[WORK REQUIRED]:
Pictures do not belong in the copy. Output exactly the lines from the one containing "Anine Bing Lydia" to the end of the listing below.

[INFORMATION PROVIDED]:
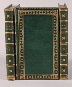 La BRUYÈRE (Jean de). Les Caractères. Paris, Stéréotype d'Herhan, X - 1802. 3 volumes in-12, maroquin vert à grain long, roulette dentelée dorée encadrant les plats, dos à nerfs orné, tranches dorées (Relié par Simier) Un portrait de l'auteur gravé par Augustin de SAINT-AUBIN (t. I) et un portrait de Théophraste (t. III). De la bibliothèque Léonce Dupont de St Ouen, avec ex-libris. Dos très légèrement passés ; légères rousseurs. BEL EXEMPLAIRE EN MAROQUIN.
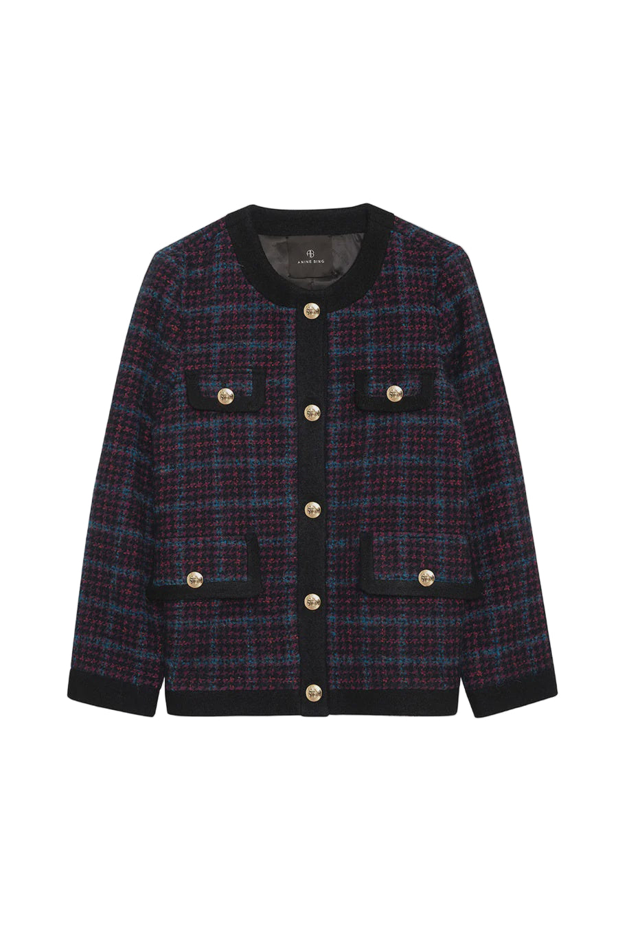 Anine Bing Lydia Jacket in Blue and Red Tweed.
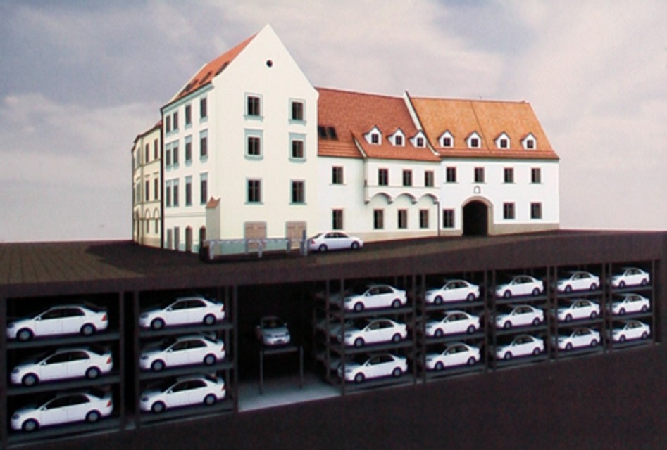 Víťazné návrhy verejnej architektonickej súťaže na využitie historických objektov na Františkánskom námestí 8, 9 a 10 rátajú s výstavbou parkovacích garáží. Záväzné nariadenie Starého Mesta však takú možnosť nepripúšťa.

[REPLY]:
 Anine Bing Lydia Jacket in Blue and Red Tweed.
 Víťazné návrhy verejnej architektonickej súťaže na využitie historických objektov na Františkánskom námestí 8, 9 a 10 rátajú s výstavbou parkovacích garáží. Záväzné nariadenie Starého Mesta však takú možnosť nepripúšťa.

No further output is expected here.